Internists more likely to face malpractice lawsuits for high-severity injuries than other physicians

High-severity injuries account for 58 percent of medical malpractice claims against internal medicine physicians, compared to 34 percent of claims against physicians overall, according to a study from The Doctor's Company, a medical malpractice insurer.

The study is based on an analysis of 1,180 malpractice claims involving internists that were closed between 2007 and 2014. The analysis indicates internal medicine physicians are most often sued for one of three top allegations. The following three allegations account for 90 percent of all claims.

1. The most common allegation is diagnosis-related and accounts for 39 percent of all claims.
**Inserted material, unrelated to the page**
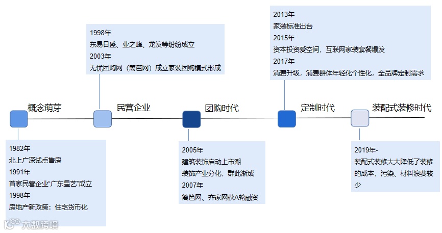 发展至今,随着市场环境的变革、互联网技术在产业内的应用,家装企业的存在形式不断转型,中国家装行业的发展历程可概括为以下五个阶段。

This includes incorrect diagnoses, delayed diagnoses or the failure to diagnose. Seven in 10 of diagnosis-related malpractice claims resulted in high-severity injuries.
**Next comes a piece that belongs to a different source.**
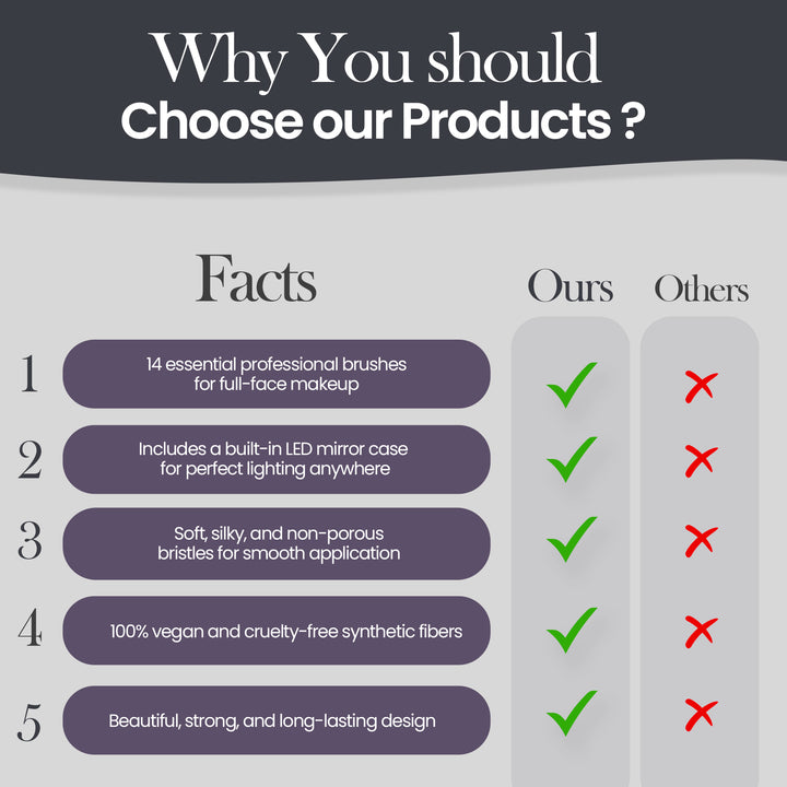 - 🌟Convenient LED Travel Case: Each set comes with a compact travel case featuring an integrated LED mirror. This makes it convenient for storage, traveling, and on-the-go touch-ups.

2. The second most common allegation was complaints about medical treatment, which accounted for 32 percent of claims against internists. This type of claim is made when a patient feels something was wrong with the treatment, from inadequate communication between providers to the failure to order diagnostic tests.

3. Medication-related error is the third most common allegation at 19 percent. This could include the failure to address side effects of a medication or the failure to identify interactions of various drugs a patient may be taking.
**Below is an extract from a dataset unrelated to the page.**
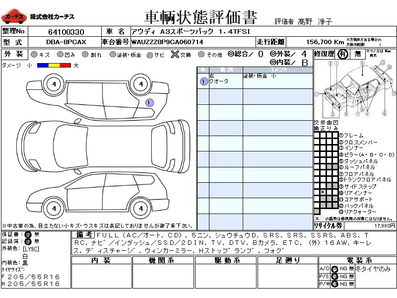 | メーカー・車種 | アウディ A3スポーツバック 1.4TFSI (型式:DBA-8PCAX) | ||||||||||||||||||||||||||||||||||||||||

"This study reinforces that physicians fail to diagnose and treat accurately for a variety of reasons," Howard Marcus, MD, internal medicine physician with Austin (Texas) Regional Clinic, said in a statement. "The average primary care physician will diagnose about 400 different diseases a year and occasionally encounters a rare medical condition that he or she may have never seen before. It is in this context that failure to diagnose may be caused by an error or lapse in reasoning rather than a failure of knowledge or clinical skill."

Among the claims analyzed, researchers identified 84 distinct types of injuries. The most common injuries found among the malpractice claims were death (44 percent), infections (16 percent), malignant conditions (13 percent), and adverse drug reactions (12 percent), according to the study.